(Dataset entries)
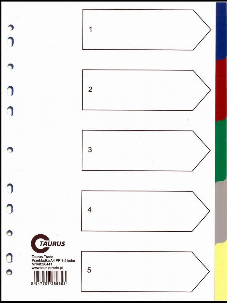 PRZEKŁADKI TAURUS DO SEGREGATORA PP A4 1-5 KOLOR
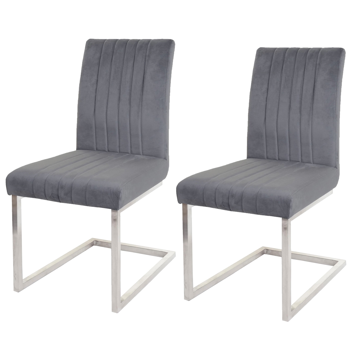 Mendler 2er-Set Freischwinger HWC-L14, Besucherstuhl Konferenzstuhl Stuhl, Samt Edelstahl gebürstet ~ dunkelgrau
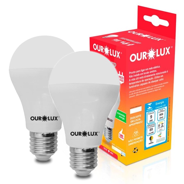 Codigo Interno: K01480 Codigo Fabricante: 20036 Codigo Referencia: 30360602085x2 Kit 2 Lampadas Led Bulbo A60 9W E27 Bivolt 3000K Luz Amarela Ourolux A Ourolux uma empresa especializada em iluminacao com mais de 25 anos de experiencia e referencia no cenario nacional. Com uma variedade de produtos, a Ourolux esta presente em qualquer ambiente, com um design moderno, alem de seus produtos possuirem seguranca e qualidade. CARACTERISTICAS Ideais para ambientes residenciais e comerciais, as SUPERLED BULBO substituem as lampadas incandescentes e fluorescentes, sem perder seu efeito caracteristico, com muito mais economia e durabilidade. Consulte disponibilidade do produto em estoque. ensao eletrica: 100 ~ 240V Frequencia: 50/60Hz Modelo: Bulbo A Garantia do Fabricante: 1 ano para defeitos de fabricacao. Sugestao de uso: Utilizar em ambientes cobertos. ESPECIFICACOES TECNICAS: Modelo: A60 Cod. Manut. de Estoque: 20036 Tensao Eletrica: Multitensao 127V/220V Potencia (W): 9 Fator de Potencia: 0,7 Base de conexao: E27 Fluxo Luz (lm): 803 Lampada Fluorescente Equivalente (W): 16 Lampada Incandescente Equivalente (W): 60 Temp. Cor (K): 3000 (Branca Morna) IRC minimo: 80 Vida (horas): 25000 Dimerizacao: Nao compativel Temperatura Ambiente de operacao (?C): -10?C ~ +40?C Certificacao: INMETRO EAN: 7898324005183 Peso (Kg): 0.038000 Prod. Altura (mm): 116 Prod. Largura (mm): 116 Prod. Comprimento (mm): 60 Tipo de Embalagem: Caixa Emb. Altura (cm): 11 Emb. Largura (cm): 6 Emb. Comprimento (cm): 6 Composicao: Polimero termoplastico, metal e componentes eletronicos. GARANTIA DO FORNECEDOR: 1 Ano.
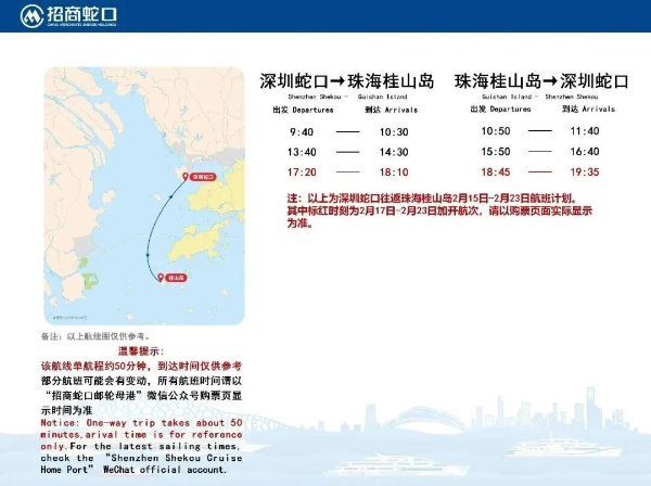 为迎接新春的到来,丰富旅客春节出行选择,深圳国际邮轮母港(蛇口邮轮中心)春节假期船班时刻表发布。
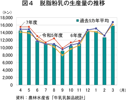 11月の牛乳等生産量を見ると、飲用牛乳等のうち牛乳は、25万133キロリットル(前年同月比3.0%減)と4カ月連続で前年同月を下回った。成分調整牛乳は前年割れが継続しており、1万5872キロリットル(同6.4%減)となった。また、加工乳については、1万2757キロリットル(同7.2%減)と4カ月連続で前年同月を下回った。
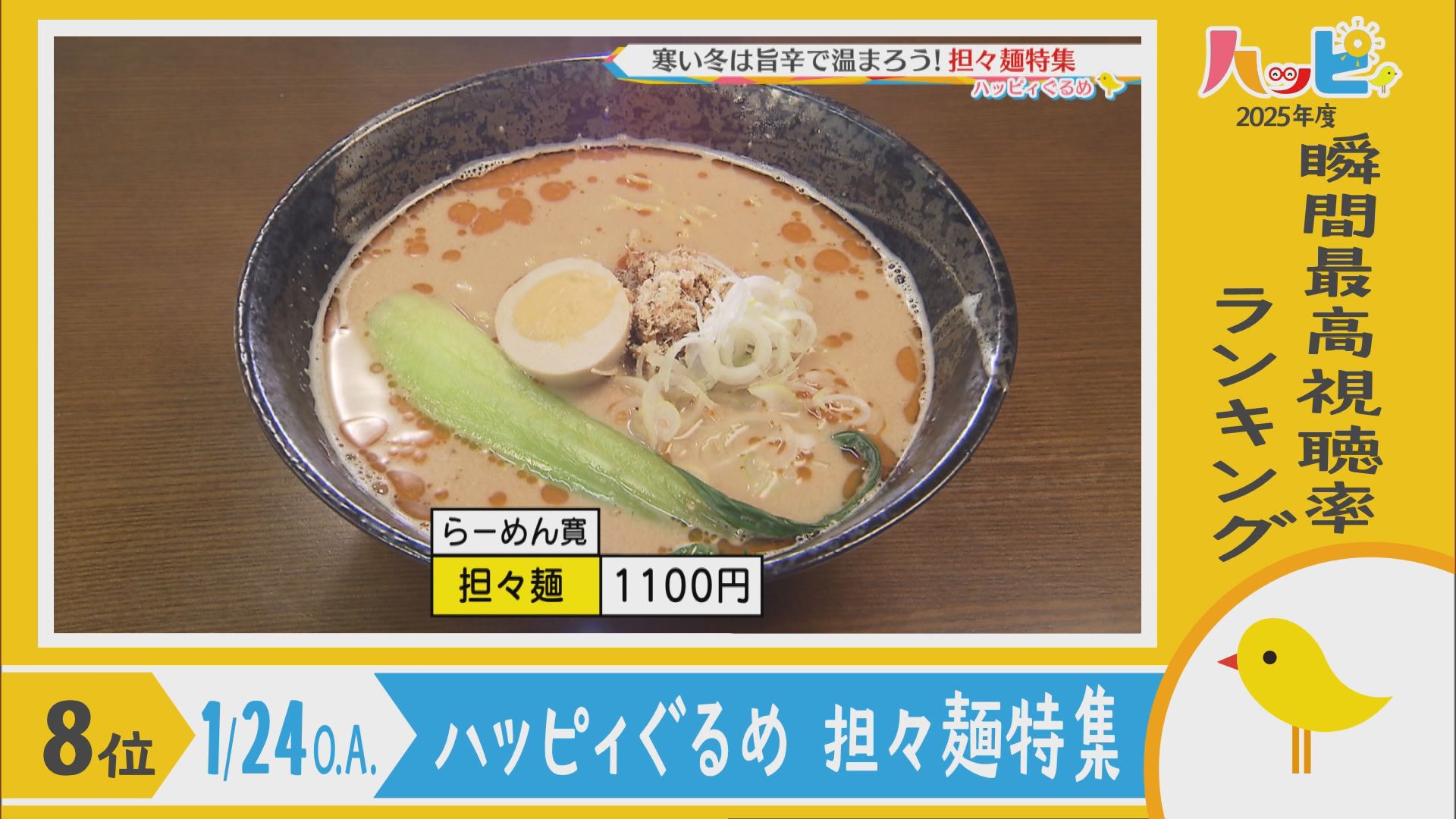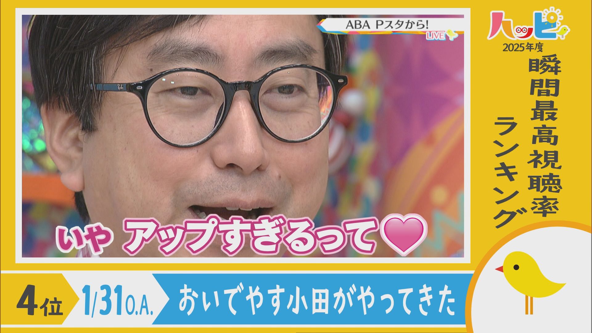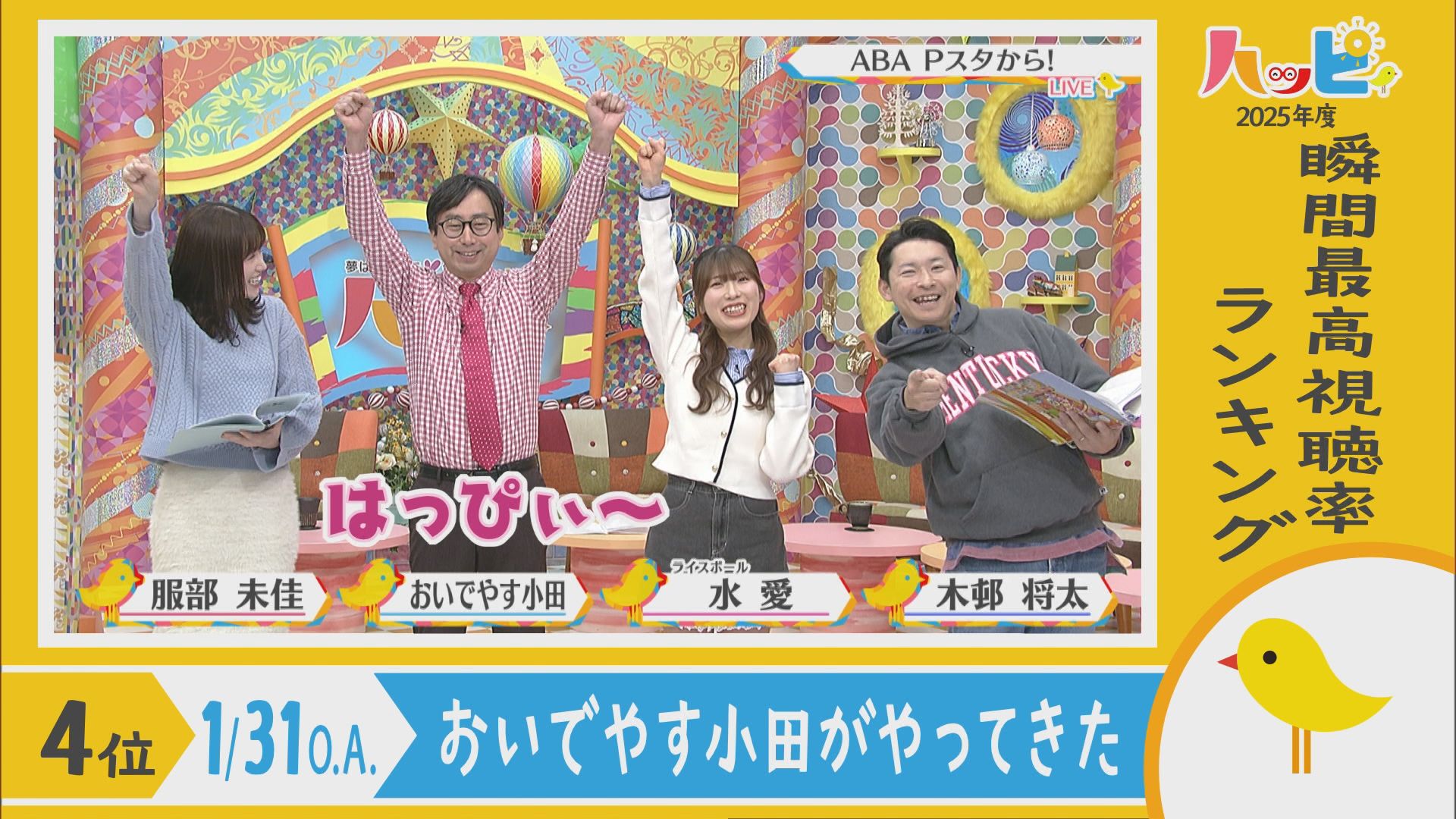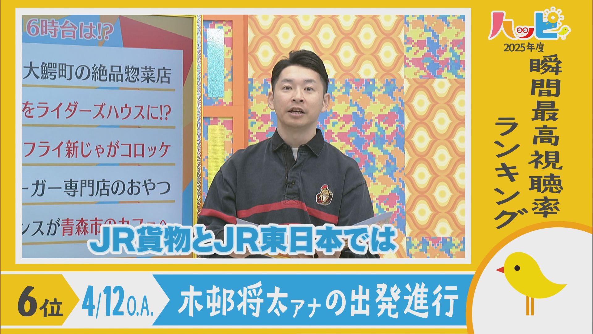 2025年4月5日~2026年3月21日に放送されたハッピィで、 瞬間最高視聴率ランキングを出してみました。 皆さんが見ていたあのシーンは放送されてるかな?
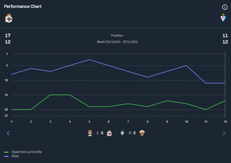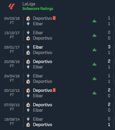 ในการเจอกันครั้งก่อนๆ ทั้งสองทีมแสดงให้เห็นถึงความสูสี แต่เมื่อพิจารณาจากสถิติ 10 นัดหลังสุด เดปอร์ติโบ ลา คอรุนญ่า มีผลงานที่ดีกว่า โดยเอาชนะได้ถึง 4 นัด เสมอ 4 นัด และแพ้เพียง 2 นัดเท่านั้น ซึ่งในเกมล่าสุดที่พบกันนั้นจบลงด้วยการเสมอกัน 1-1 ทำให้เห็นได้ว่าผลงานของ ลา คอรุนญ่า ยามเจอ เออิบาร์ ถือว่าค่อนข้างเหนือกว่า
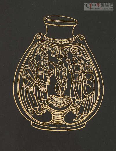 黃釉扁壺繪圖。

REQUIREMENT | The answer must be an exact transcription of the lines from the one containing "ยามเจอ เออิบาร์ ถือว่าค่อนข้างเหนือกว่า" through the last line of the records above, both included, with no pictures.

REPLY TO THE TASK |
 ในการเจอกันครั้งก่อนๆ ทั้งสองทีมแสดงให้เห็นถึงความสูสี แต่เมื่อพิจารณาจากสถิติ 10 นัดหลังสุด เดปอร์ติโบ ลา คอรุนญ่า มีผลงานที่ดีกว่า โดยเอาชนะได้ถึง 4 นัด เสมอ 4 นัด และแพ้เพียง 2 นัดเท่านั้น ซึ่งในเกมล่าสุดที่พบกันนั้นจบลงด้วยการเสมอกัน 1-1 ทำให้เห็นได้ว่าผลงานของ ลา คอรุนญ่า ยามเจอ เออิบาร์ ถือว่าค่อนข้างเหนือกว่า
 黃釉扁壺繪圖。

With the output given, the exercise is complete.